● **Input material**
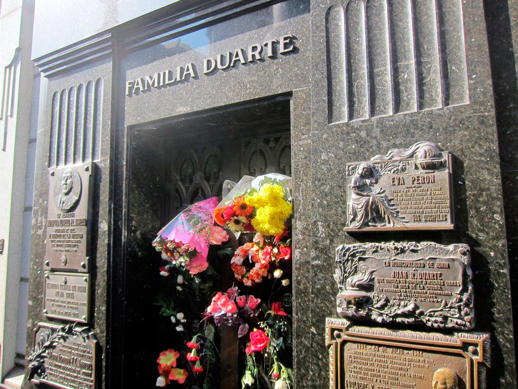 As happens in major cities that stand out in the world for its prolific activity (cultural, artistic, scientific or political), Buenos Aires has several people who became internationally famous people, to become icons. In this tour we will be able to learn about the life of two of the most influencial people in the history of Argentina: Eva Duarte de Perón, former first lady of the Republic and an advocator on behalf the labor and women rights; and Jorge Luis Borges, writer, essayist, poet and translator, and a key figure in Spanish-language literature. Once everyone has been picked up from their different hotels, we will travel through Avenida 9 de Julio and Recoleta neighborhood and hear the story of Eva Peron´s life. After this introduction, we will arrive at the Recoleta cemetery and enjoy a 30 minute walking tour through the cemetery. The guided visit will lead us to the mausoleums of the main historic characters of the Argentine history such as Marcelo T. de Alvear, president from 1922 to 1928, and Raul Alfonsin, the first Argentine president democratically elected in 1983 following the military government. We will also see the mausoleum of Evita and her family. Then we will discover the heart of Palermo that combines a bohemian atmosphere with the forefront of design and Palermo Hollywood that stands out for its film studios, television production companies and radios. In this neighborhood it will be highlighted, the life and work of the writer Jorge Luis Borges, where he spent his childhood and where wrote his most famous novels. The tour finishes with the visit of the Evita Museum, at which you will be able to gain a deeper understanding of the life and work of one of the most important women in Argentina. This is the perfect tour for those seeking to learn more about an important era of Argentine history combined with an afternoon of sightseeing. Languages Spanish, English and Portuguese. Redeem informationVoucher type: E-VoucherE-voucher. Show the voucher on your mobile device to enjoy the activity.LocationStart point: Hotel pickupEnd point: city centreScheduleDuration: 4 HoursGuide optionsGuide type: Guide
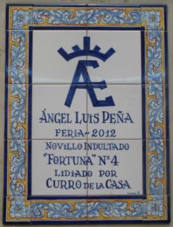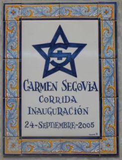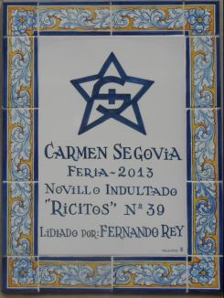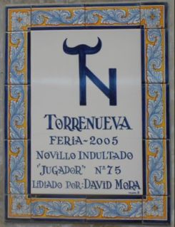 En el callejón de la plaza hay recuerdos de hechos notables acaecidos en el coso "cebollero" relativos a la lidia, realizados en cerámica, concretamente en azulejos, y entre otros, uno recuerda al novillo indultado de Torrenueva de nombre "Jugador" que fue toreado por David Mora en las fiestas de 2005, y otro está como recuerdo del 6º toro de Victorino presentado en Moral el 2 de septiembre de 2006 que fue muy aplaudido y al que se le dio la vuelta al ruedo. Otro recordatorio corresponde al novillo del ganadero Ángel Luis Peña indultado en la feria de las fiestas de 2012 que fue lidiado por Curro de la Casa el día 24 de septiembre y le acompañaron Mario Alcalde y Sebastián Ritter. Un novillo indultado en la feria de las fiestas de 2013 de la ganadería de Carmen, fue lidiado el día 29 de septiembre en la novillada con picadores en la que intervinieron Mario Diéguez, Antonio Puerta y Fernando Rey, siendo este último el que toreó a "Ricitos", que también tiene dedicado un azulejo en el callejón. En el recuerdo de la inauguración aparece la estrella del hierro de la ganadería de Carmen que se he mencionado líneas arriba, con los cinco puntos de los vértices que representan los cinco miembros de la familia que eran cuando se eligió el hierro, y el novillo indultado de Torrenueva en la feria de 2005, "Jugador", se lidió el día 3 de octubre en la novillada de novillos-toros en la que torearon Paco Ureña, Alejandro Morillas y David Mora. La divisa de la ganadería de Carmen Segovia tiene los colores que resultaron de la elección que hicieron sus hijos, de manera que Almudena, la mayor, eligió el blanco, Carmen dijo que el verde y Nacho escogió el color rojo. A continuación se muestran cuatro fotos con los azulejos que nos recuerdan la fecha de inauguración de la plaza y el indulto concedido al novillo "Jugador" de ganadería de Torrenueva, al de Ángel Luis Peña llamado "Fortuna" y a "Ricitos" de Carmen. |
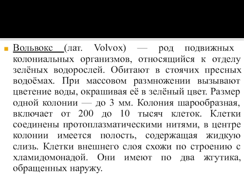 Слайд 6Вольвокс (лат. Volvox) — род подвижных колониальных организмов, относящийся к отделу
--
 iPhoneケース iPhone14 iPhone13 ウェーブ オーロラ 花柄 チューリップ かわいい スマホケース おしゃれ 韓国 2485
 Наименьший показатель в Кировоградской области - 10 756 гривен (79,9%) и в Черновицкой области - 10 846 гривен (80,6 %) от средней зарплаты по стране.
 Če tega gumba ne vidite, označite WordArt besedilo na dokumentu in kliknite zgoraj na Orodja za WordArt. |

● **Exercise prompt**
Look back at the data above. Transcribe exactly the lines starting at the line that contains "Наименьший показатель в" and ending at the line that contains "Če tega gumba".

● **Your solution**
 Наименьший показатель в Кировоградской области - 10 756 гривен (79,9%) и в Черновицкой области - 10 846 гривен (80,6 %) от средней зарплаты по стране.
 Če tega gumba ne vidite, označite WordArt besedilo na dokumentu in kliknite zgoraj na Orodja za WordArt. |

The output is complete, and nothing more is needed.